Lessons From Feature-Based Hotel Room Pitch

There’s a large English firm with fingers in many ‘leisure’ pies called Whitbread. They’ve grown from brewing and pubs through pizza houses to coffee chains and hotels.

This week their chief exec, Andy Harrison, took to the airwaves promoting their latest ‘innovation’, “hub by Premier Inn”.

It seems they want to push small 11m2 rooms and their marketing hook looks driven by being able to ‘control’ them with an app.
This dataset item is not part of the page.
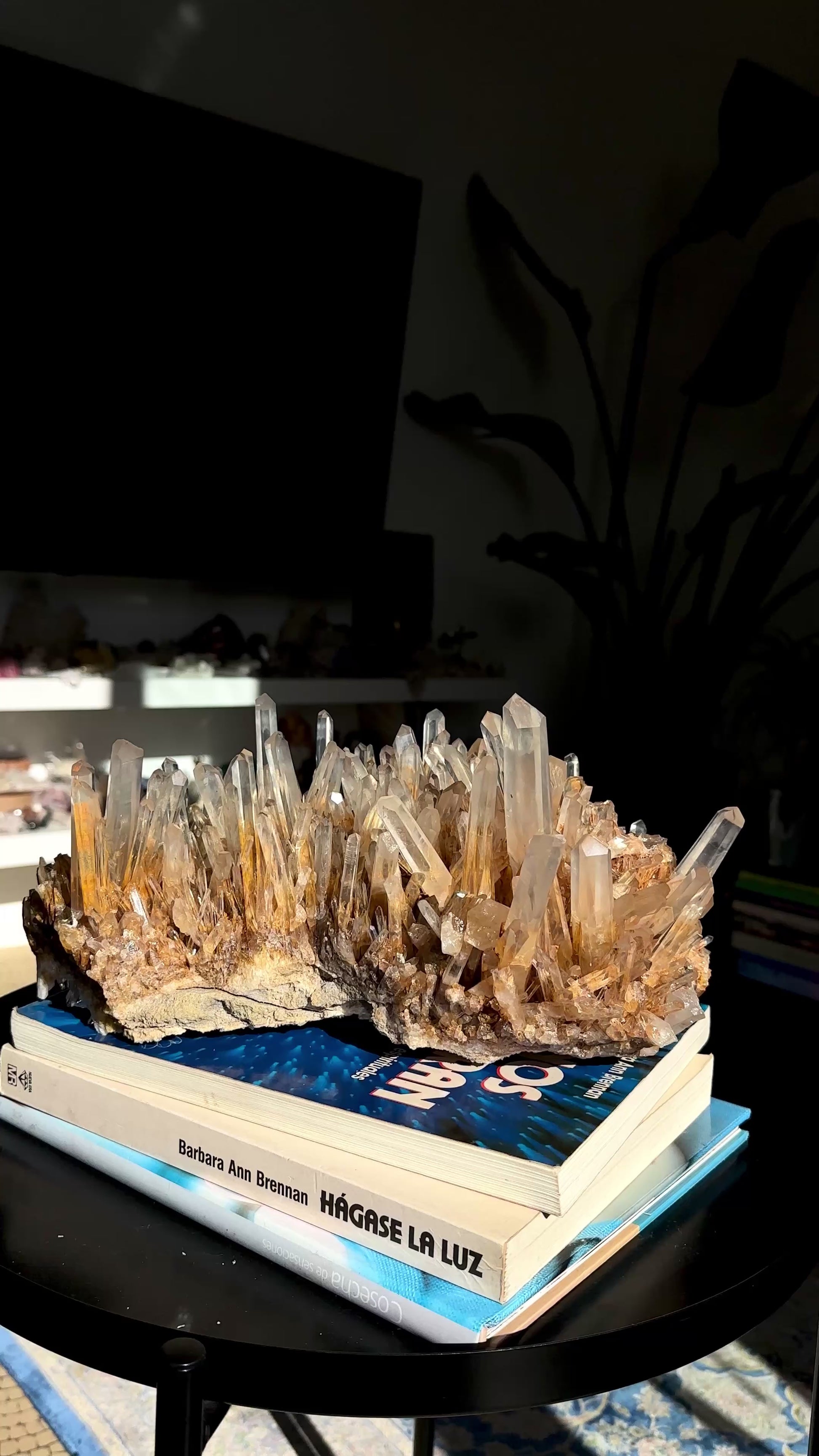 Extra Aesthetic Formation! This mine is currently closed, therefore a specimen like this one is extremely rare. Extra long water clear Needle Lemurian Quartz crystals with blue smoke inclusions and a Golden Healer base (limonite).

Skynews delightfully informs that the room is ‘less than the size of 3 table tennis tables with a desk that folds into your pocket-sprung bed’.

And it was on that website that I found the ‘pitch’ of their salesman-in-chief.
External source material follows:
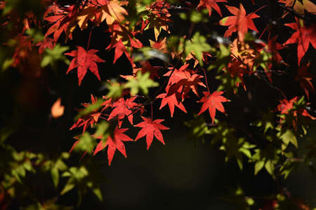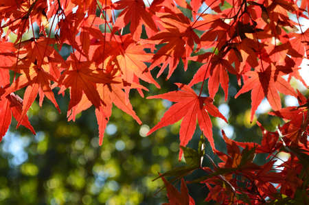Blurred defocusd bokeh image of fall season. Orange and red maple tree autumn background. Selective focus

Here’s what he said in his minute of answers.

“[our idea] is aimed at the high property cost city centre locations where the customers want a great product.

And we’ve been working over the last couple of years on designing the room.

It’s highly engineered.

Every centimetre is carefully thought through, so there’s lots of ingenious features which can appeal to consumers who want low prices right at the heart of the city, but want a really good quality room.

At the moment if you want to go to the city centre at low prices, your choice is basic and often poor-quality rooms.

[the interviewer, Joel Hills, then chirps that someone else has been offering this for a while in Second-City Birmingham already and that they’re just really the Japanese-style pod concept]

This is not a pod hotel.

This is much bigger than that.

It’s a great room.

It’s got a 40” smart tv.

It’s got a lovely shower room, with a power shower.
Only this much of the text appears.